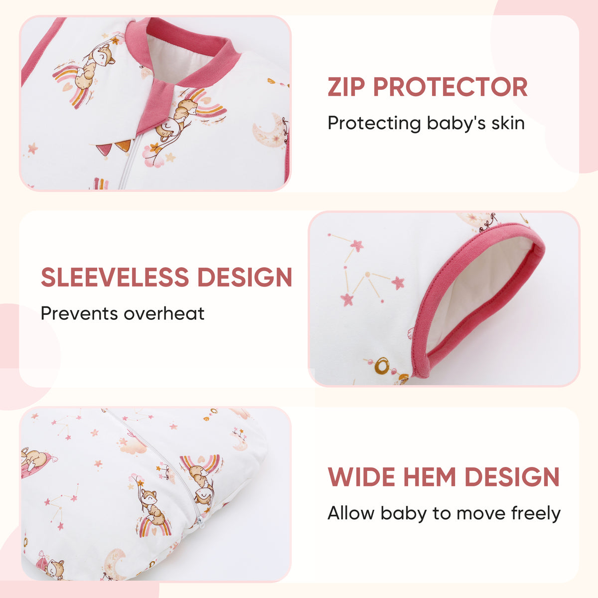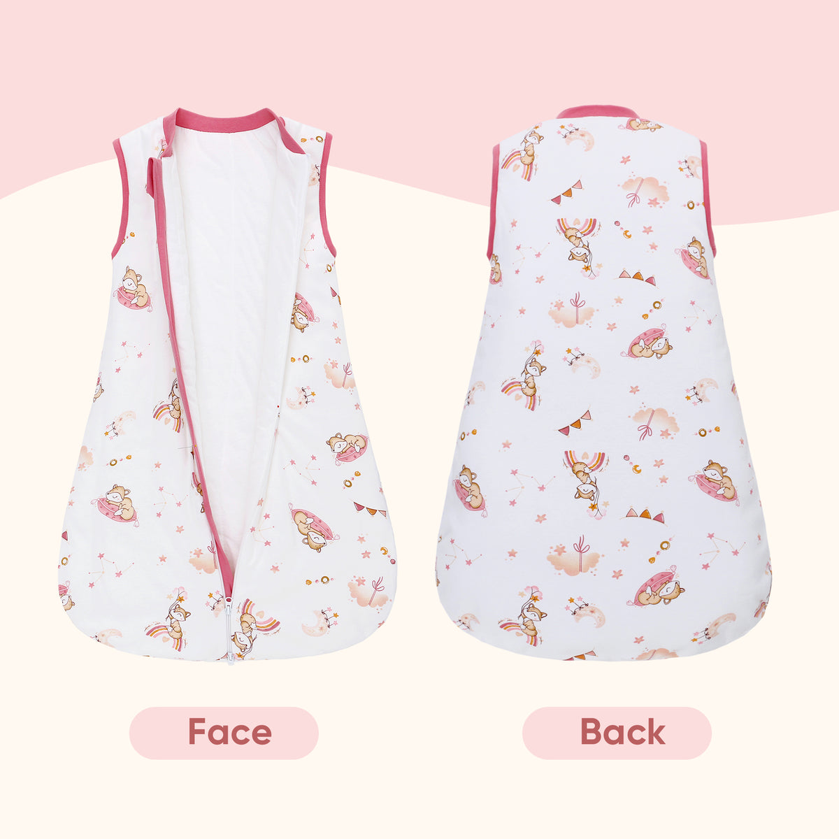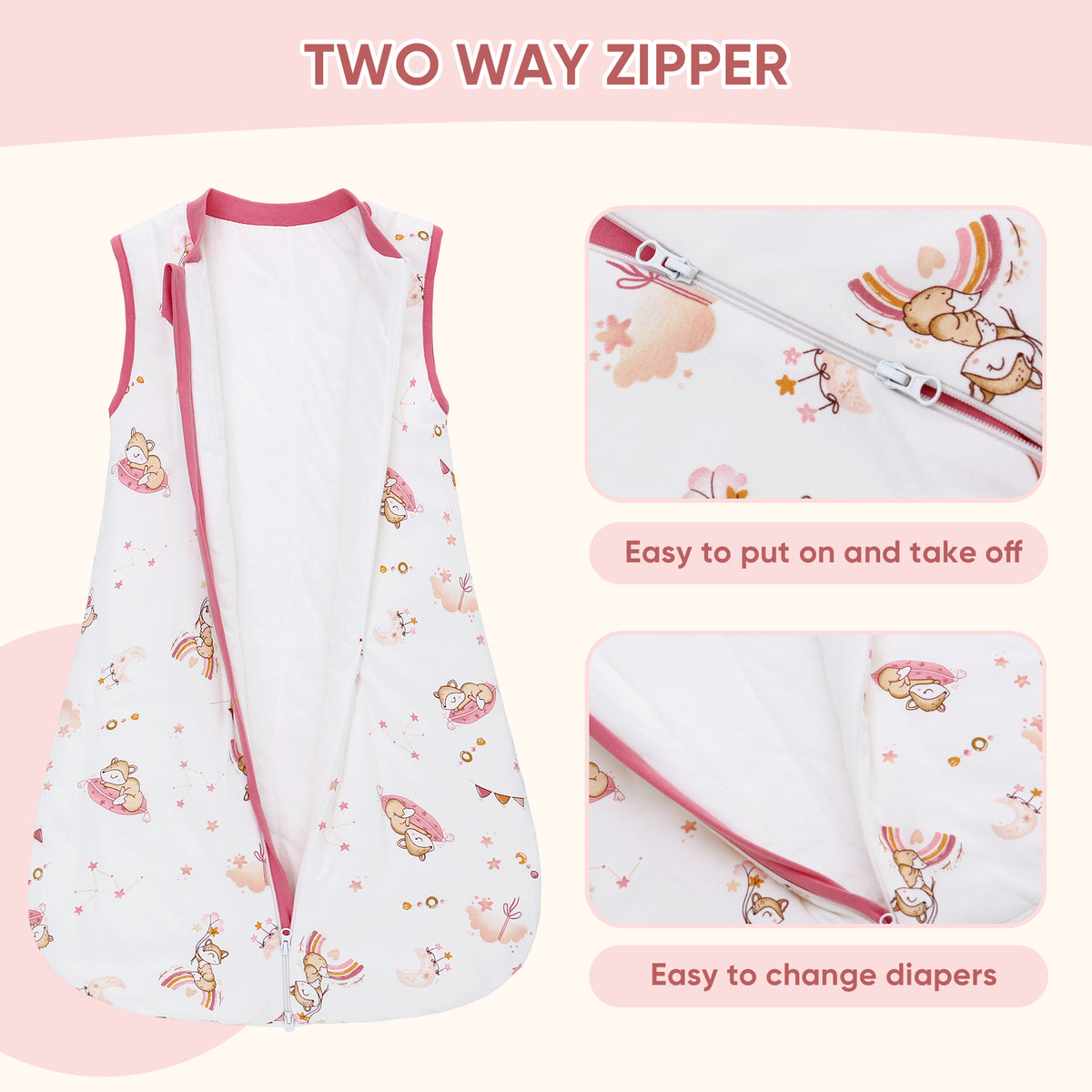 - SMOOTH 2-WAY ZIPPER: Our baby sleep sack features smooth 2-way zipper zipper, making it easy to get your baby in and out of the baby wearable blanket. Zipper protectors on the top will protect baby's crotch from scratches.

==

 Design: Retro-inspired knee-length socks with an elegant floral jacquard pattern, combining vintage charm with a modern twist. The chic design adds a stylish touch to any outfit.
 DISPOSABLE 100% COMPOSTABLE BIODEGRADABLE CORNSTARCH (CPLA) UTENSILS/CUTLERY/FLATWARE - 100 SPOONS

• _Task brief_: What you return must be the lines above that run from the line with "Design: Retro-inspired knee-length" to the line with "DISPOSABLE 100% COMPOSTABLE", inclusive, each copied exactly.

• _Response below_:
 Design: Retro-inspired knee-length socks with an elegant floral jacquard pattern, combining vintage charm with a modern twist. The chic design adds a stylish touch to any outfit.
 DISPOSABLE 100% COMPOSTABLE BIODEGRADABLE CORNSTARCH (CPLA) UTENSILS/CUTLERY/FLATWARE - 100 SPOONS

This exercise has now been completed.